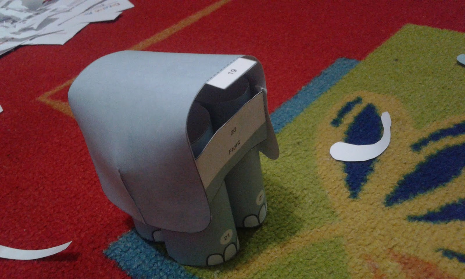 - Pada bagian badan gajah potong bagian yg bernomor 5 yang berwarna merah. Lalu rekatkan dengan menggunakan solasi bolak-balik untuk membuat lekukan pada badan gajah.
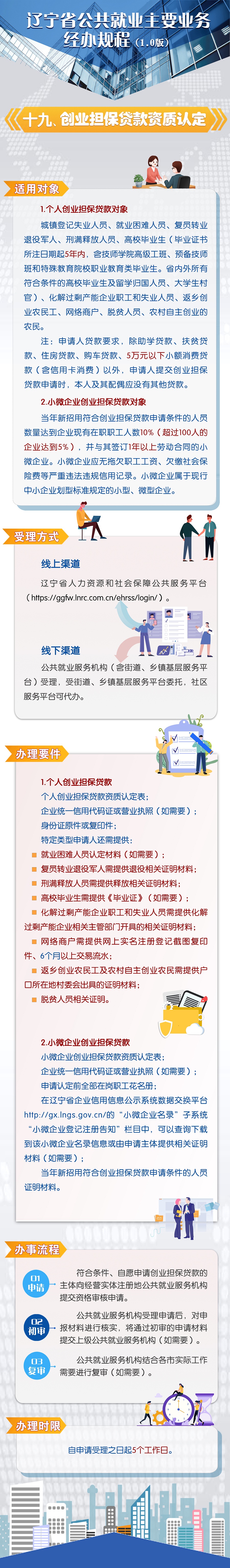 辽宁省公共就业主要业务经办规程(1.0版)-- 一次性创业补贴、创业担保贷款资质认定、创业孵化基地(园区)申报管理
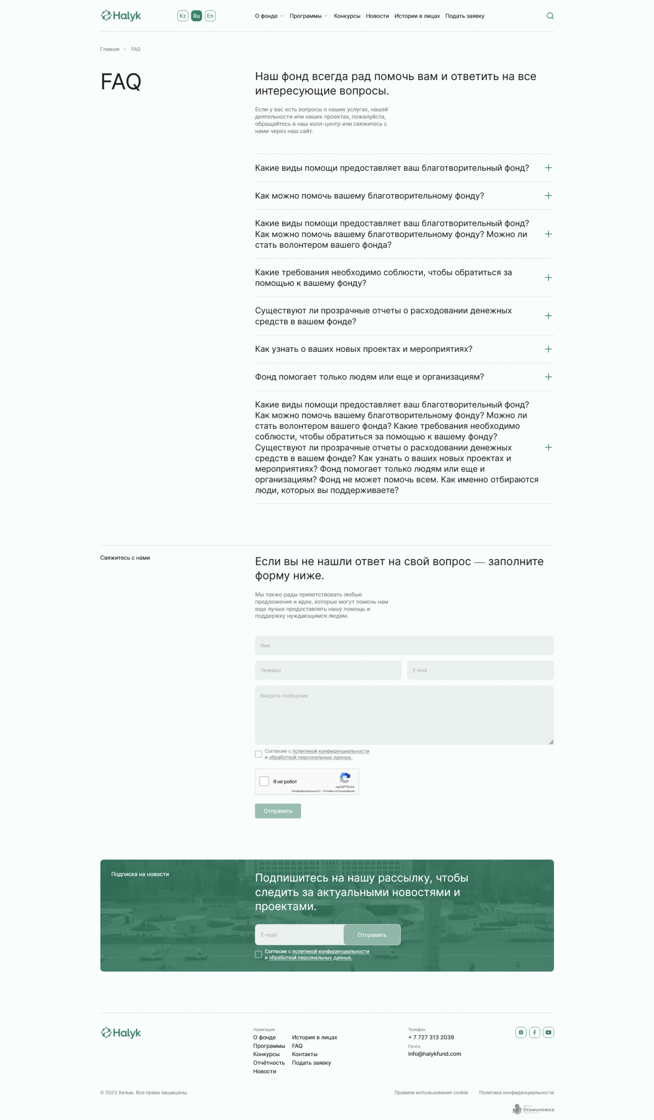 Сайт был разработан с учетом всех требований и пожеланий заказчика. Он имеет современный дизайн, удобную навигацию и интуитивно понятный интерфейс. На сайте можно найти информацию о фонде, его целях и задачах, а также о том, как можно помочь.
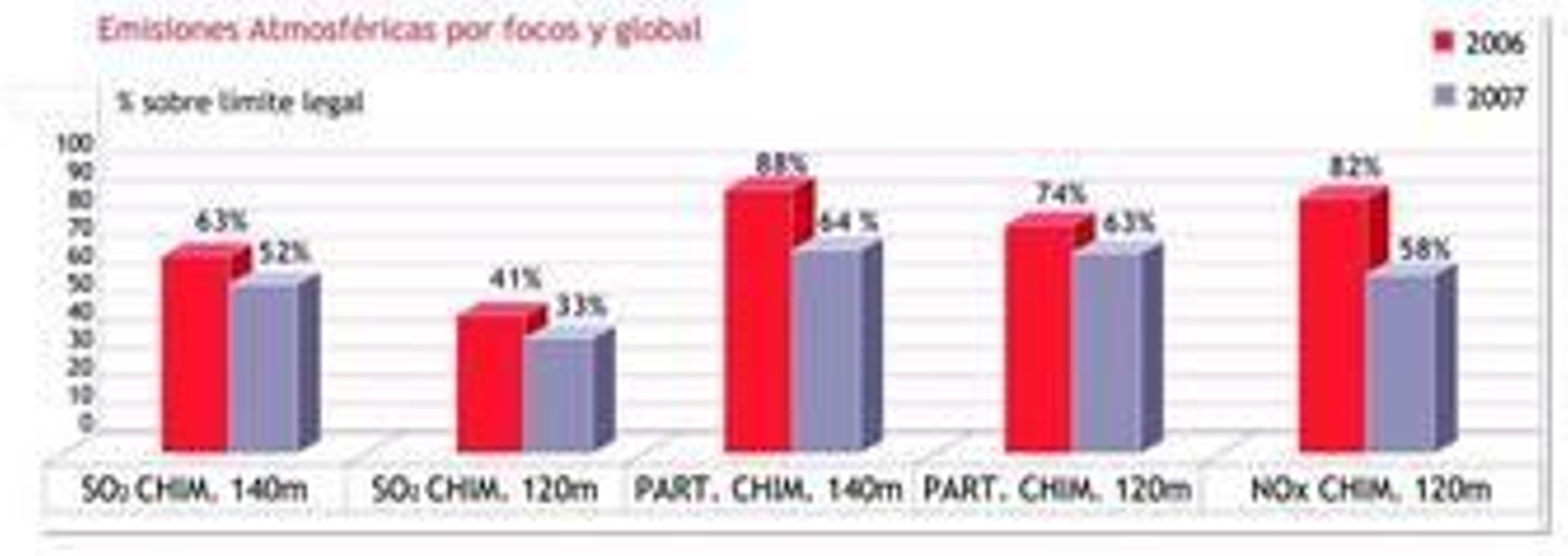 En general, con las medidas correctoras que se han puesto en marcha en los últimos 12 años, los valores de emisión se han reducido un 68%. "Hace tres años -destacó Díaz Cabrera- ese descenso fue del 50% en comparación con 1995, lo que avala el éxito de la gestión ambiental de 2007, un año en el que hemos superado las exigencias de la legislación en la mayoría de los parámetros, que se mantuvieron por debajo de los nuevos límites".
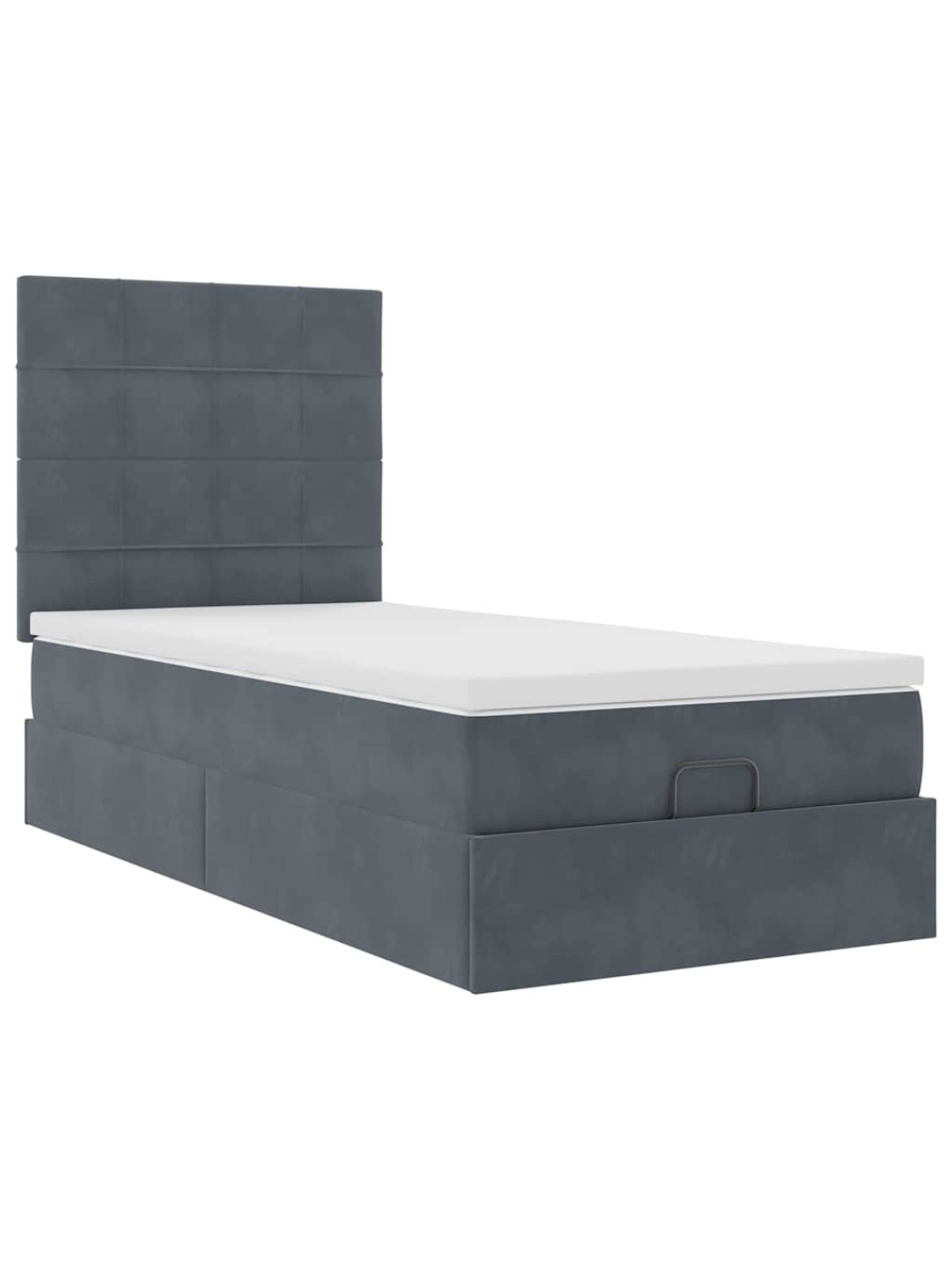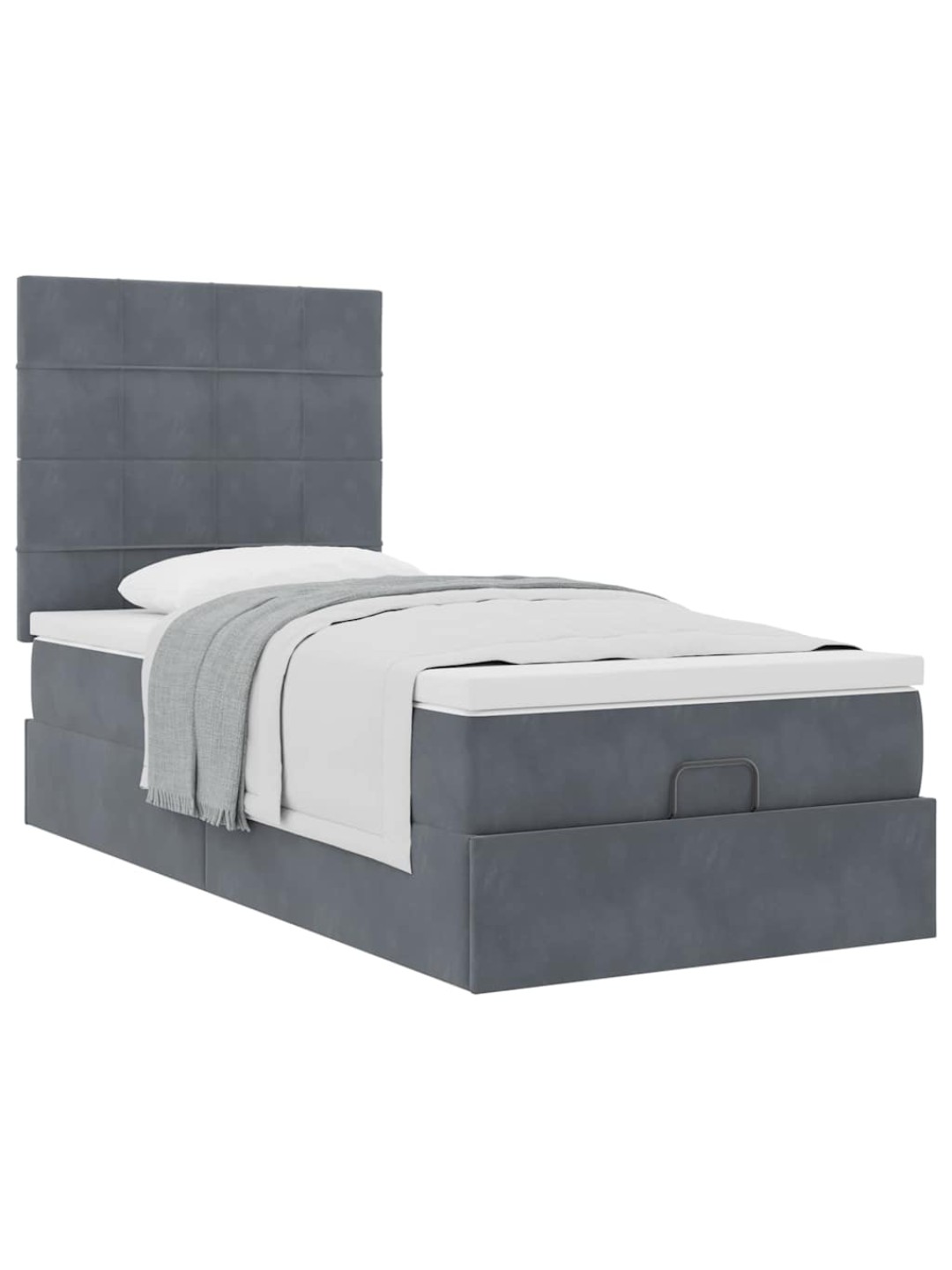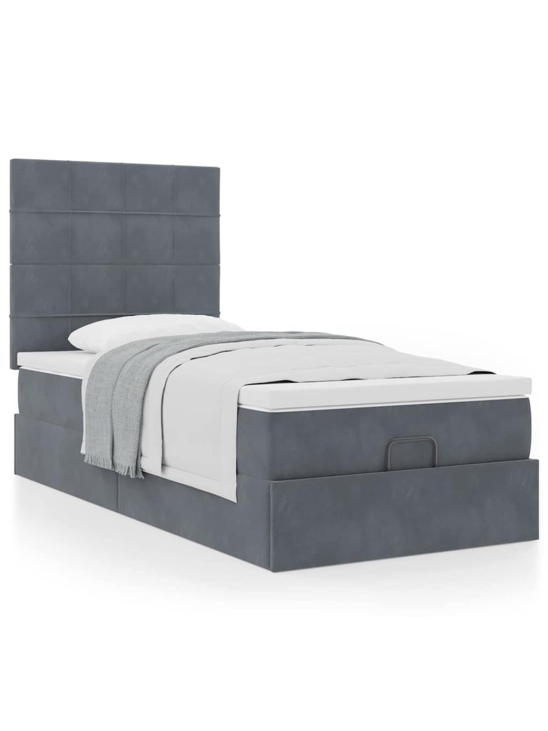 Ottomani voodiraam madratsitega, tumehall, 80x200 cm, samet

| What is needed |
Repeat only what lies between the start of the data and the end of the line containing "Сайт был разработан", exactly, with pictures left out.

| Exercise result |
 - Pada bagian badan gajah potong bagian yg bernomor 5 yang berwarna merah. Lalu rekatkan dengan menggunakan solasi bolak-balik untuk membuat lekukan pada badan gajah.
 辽宁省公共就业主要业务经办规程(1.0版)-- 一次性创业补贴、创业担保贷款资质认定、创业孵化基地(园区)申报管理
 Сайт был разработан с учетом всех требований и пожеланий заказчика. Он имеет современный дизайн, удобную навигацию и интуитивно понятный интерфейс. На сайте можно найти информацию о фонде, его целях и задачах, а также о том, как можно помочь.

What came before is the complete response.